I have had great difficulty in getting Gowin's toolchain to synthesize simple counters, FIFO pointers, really any arithmetic at 100MHz.
Sometimes it will infer an alu, most the time it will not. This is a combination of my inexperience with verilog and IDE settings.
for example
always @( posedge clk ) begin
if( enable ) begin // when running
counter <= counter + 'd1;
if( counter >= reset_value ) begin
strobe_ff <= 1'b1;
end
end
if( !rst_n || strobe_ff ) begin // reset the counter on reset
counter <= 'd1;
strobe_ff <= 1'b0;
end
end
Fmax values are taken from the timing report, not the inaccurate synthesis report.
counter is defined at being
reg unsigned [15:0] counter = 0;
The critical path here is 'counter <= counter + 'd1;'. because counter is set elsewhere(line #9), there is a mux in front of it, and I get a Fmax around 80~95MHz.
By swapping that line out for a declared alu, Fmax reaches between 150~175MHz.
when I remove the reset and allowing a free running counter, (removing the MUX) FMax increases,
using 'CIN' as an enable port removed another level of logic.
And adding additional registers, to calculate and store the reset value. I get an FMax at 197.8Mhz.
I'm so close to 200 I can almost touch it.
By studying the 'Floor planner' or placement constraints editor, the ALU_CHAIN is broken up across multiple slices. But these slices are not adjacent to one another.

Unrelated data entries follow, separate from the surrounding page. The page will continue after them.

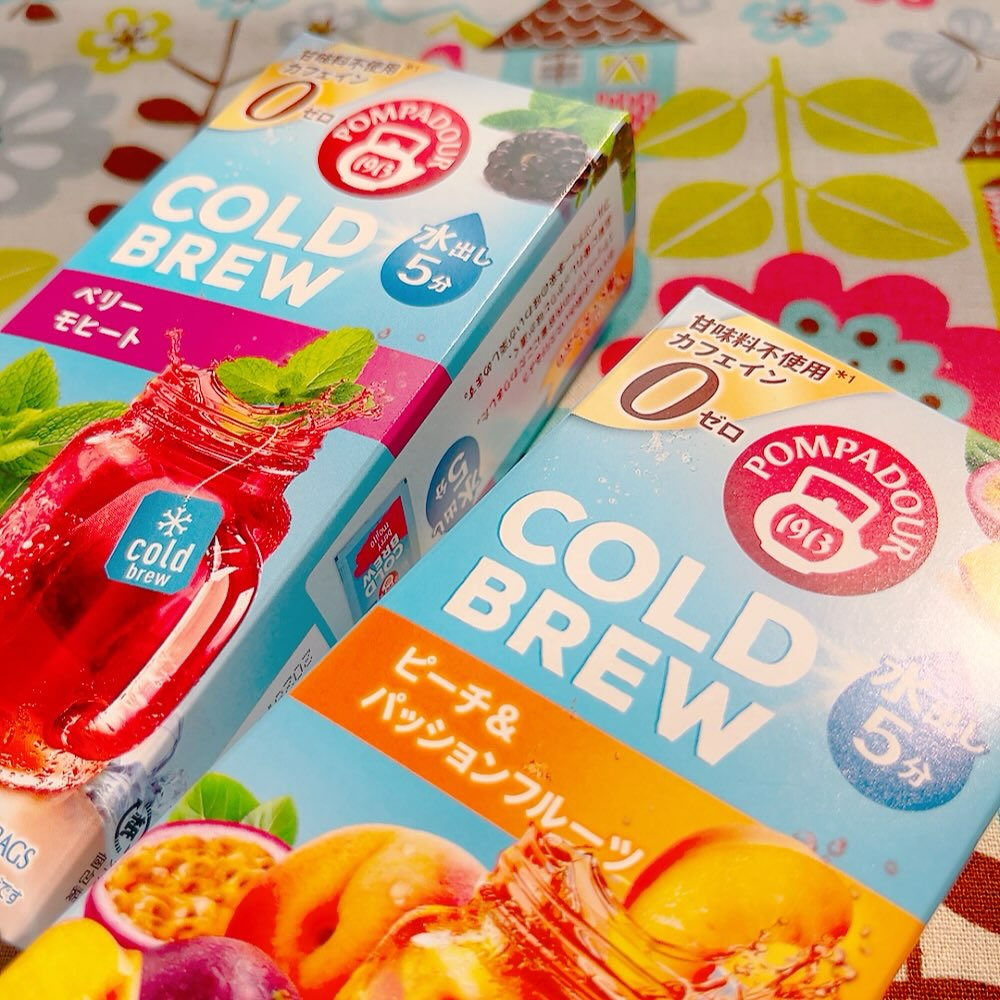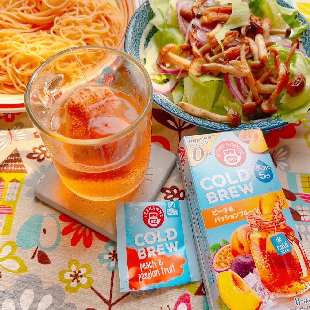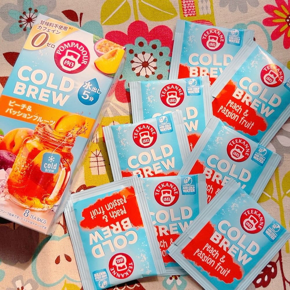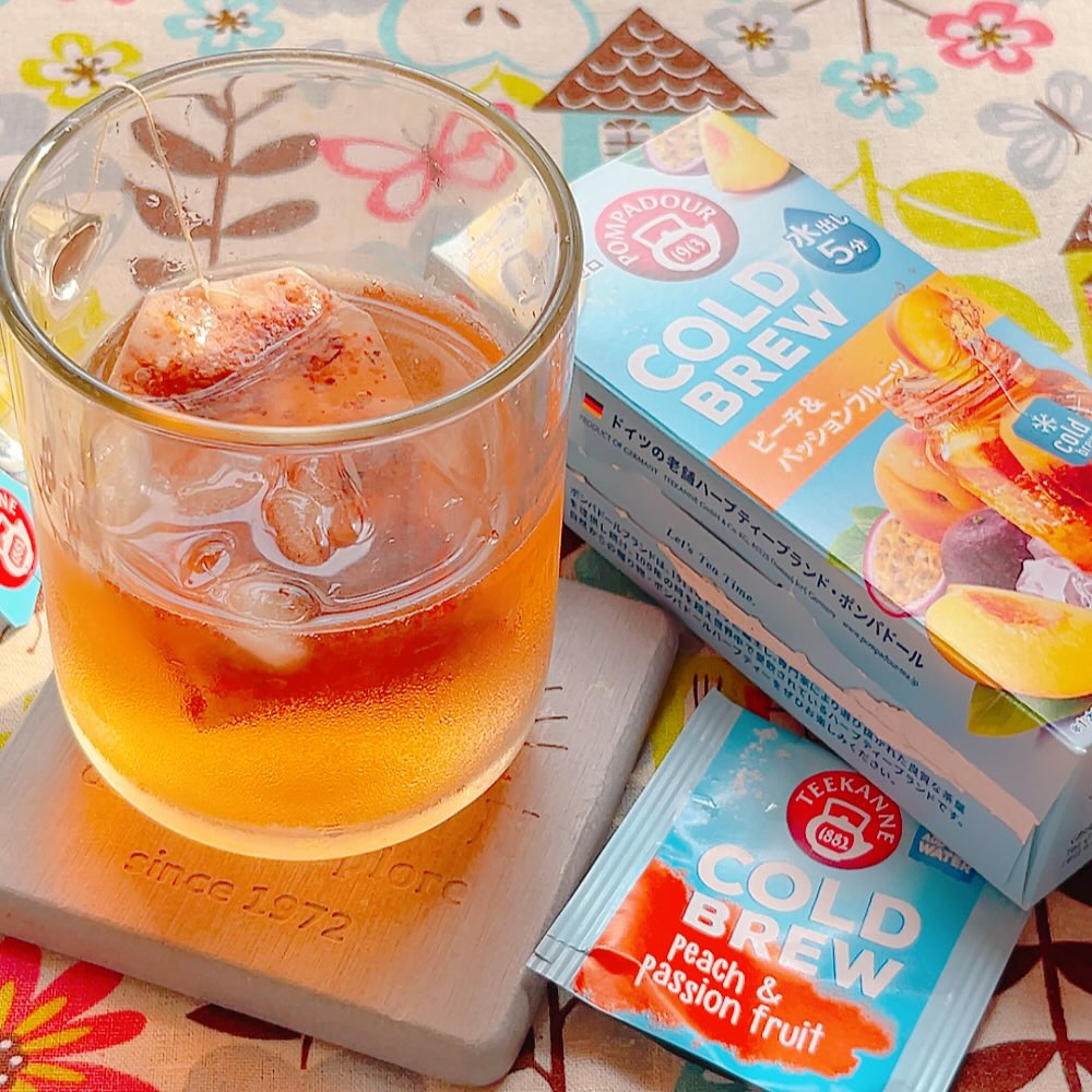 ■ほんのり甘いピーチの香りとパッションフルーツの爽やかな酸味。 ■ポンパドール「コールドブリュー」は、ポンパドールの水出しハーブティーシリーズ。1ティーバッグを250mlの水に入れて、常温5分でお召し上がりいただけます。カフェインゼロでフルーティーな味わいのため、お子さまとも一緒に楽しめます。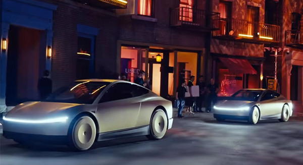 イーロンマスク氏は動画の中のスピーチで、ロボタクシー「サイバーキャブ」が普及によって移動コストを下げ、自家用車の利用も減って駐車場を公園に変えることができる、と語っている。また、ロボタクシーの無線給電システムにも触れている。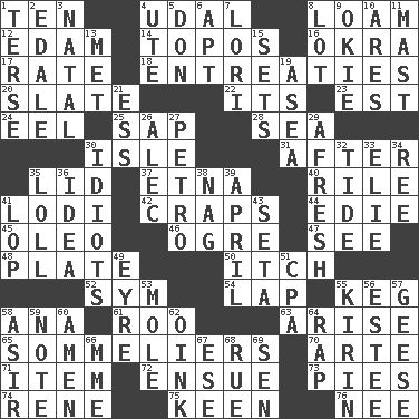 ACROSS 1. Nine, plus one 4. Allodial 8. Rich soil 12. Dutch treat 14. Literary convention 16. Gumbo ingredient 17. Pace 18. Pleas 20. Schedule 22. ___ a Wonderful Life 23. Eastern Standard Time (abbr.) 24. Snakelike fish 25. Plant excrement 28. Ocean 30. Small island 31. Following 35. Hat (slang) 37. Inactive volcano in Sicily 40. Cause heat under the collar 41. Farming town in central California 42. Dice game 44. Singer Brickell 45. Margarine 46. Legendary monster 47. Perceive with the eye 48. Food holder 50. Hankering 52. Symbol (abbr.) 54. Infant locale 55. Cask 58. Santa ___, CA 61. Friend of Pooh 63. Get up 65. Wine waiters 70. Johnson of "Laugh-In" 71. A distinct part 72. Take place subsequently 73. Sliced desserts 74. French philosopher Descartes 75. Peachy ____! 76. Born DOWN 1. Laconic 2. Peak District village in England 3. Brizilian seaport 4. Shoshoni 5. Spanish title 6. Fitting 7. Australian parrot (variant) 8. Car dealer's back yard 9. Migrant worker of the '30s 10. Ancient Greek god of war 11. Vertical spar for supporting sails 13. Was introduced to 15. Arranges properly for use 19. Toward the sea 21. Double-curved letter 26. Actor Baldwin 27. Stone: prefix 29. Anew 30. Foolish or stupid persons 32. Periodic rise and fall of the sea level 33. Writer Wiesel 34. To separate or throw off 35. Hang loosely or laxly 36. The content of cognition 38. Tired old horse 39. Showery time 41. Trim (branches) 43. Stalk of a moss capsule 49. Jane of fiction 51. Tax preparer (abbr.) 53. Undercover agent 55. Japanese brewing company 56. First name in cosmetics 57. Honkers 58. SW Saudi Arabia district 59. Brief written record 60. So be it 62. Pig sound 64. Reproach for some lapse or misdeed 66. Madame (abbr.) 67. Compass dir. 68. Sorrow 69. Elected rep.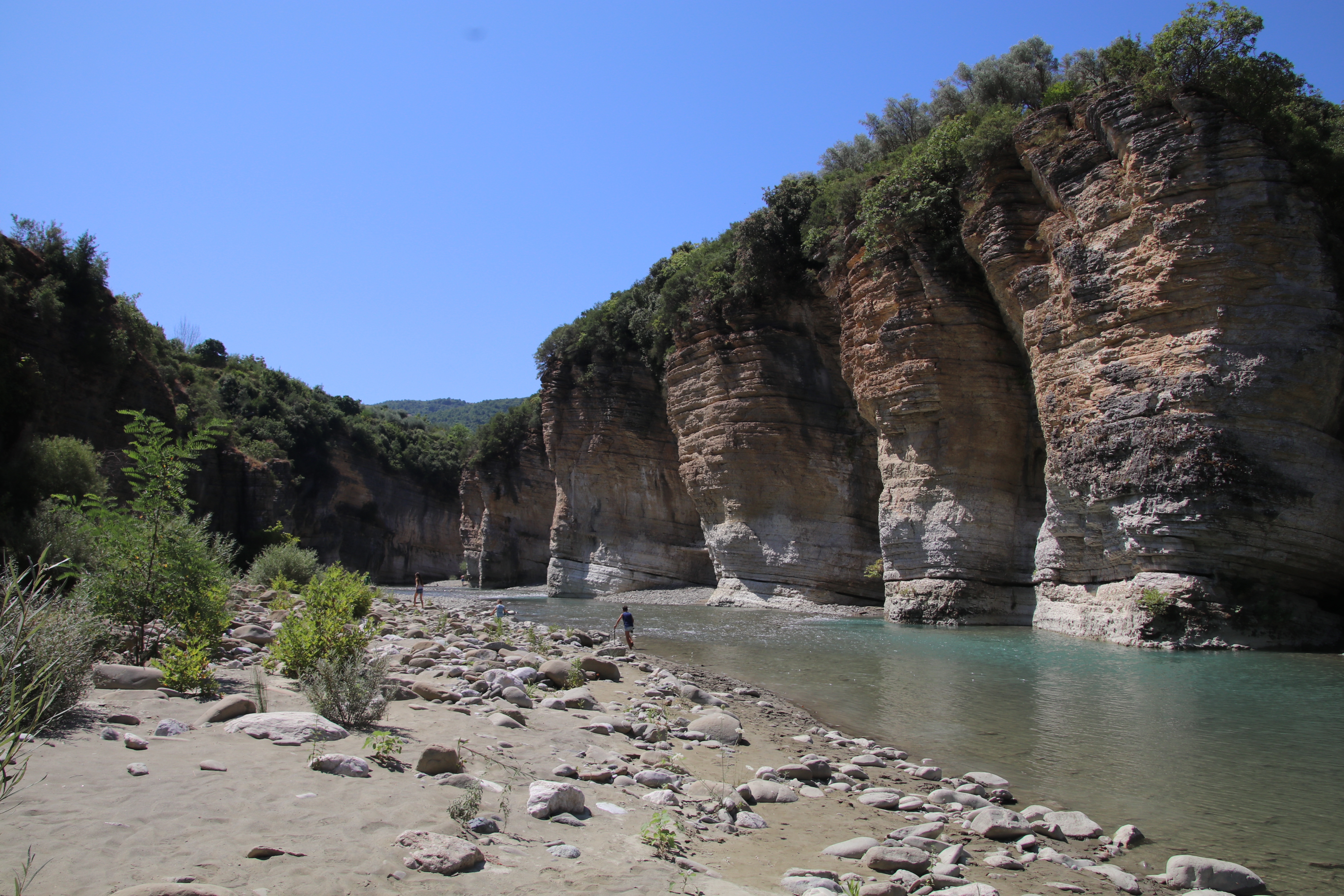 Erst als wir zur Stadt Çorovoda zurück fahren, den Fluss dort an der großen Straßenbrücke überqueren und ein Stück auf der anderen Seite fahren, finden wir eine Stelle, an der wir das Auto parken und bis zum Fluss hinunter laufen können.

Im hoping a few constraints will fix the issue and get me past the 200 mark. (future me here, so the synthesis and PNR tools have settings, that are by default, set for area, not speed. changing these now infers an alu for everything, tightly packed and fast. Still not 200mhz yet.).SoC SDRAM runs at 208mhz, thats my goal. Their protected IP HSFIFO builds at speeds approaching 250mhz, So I know it is doable.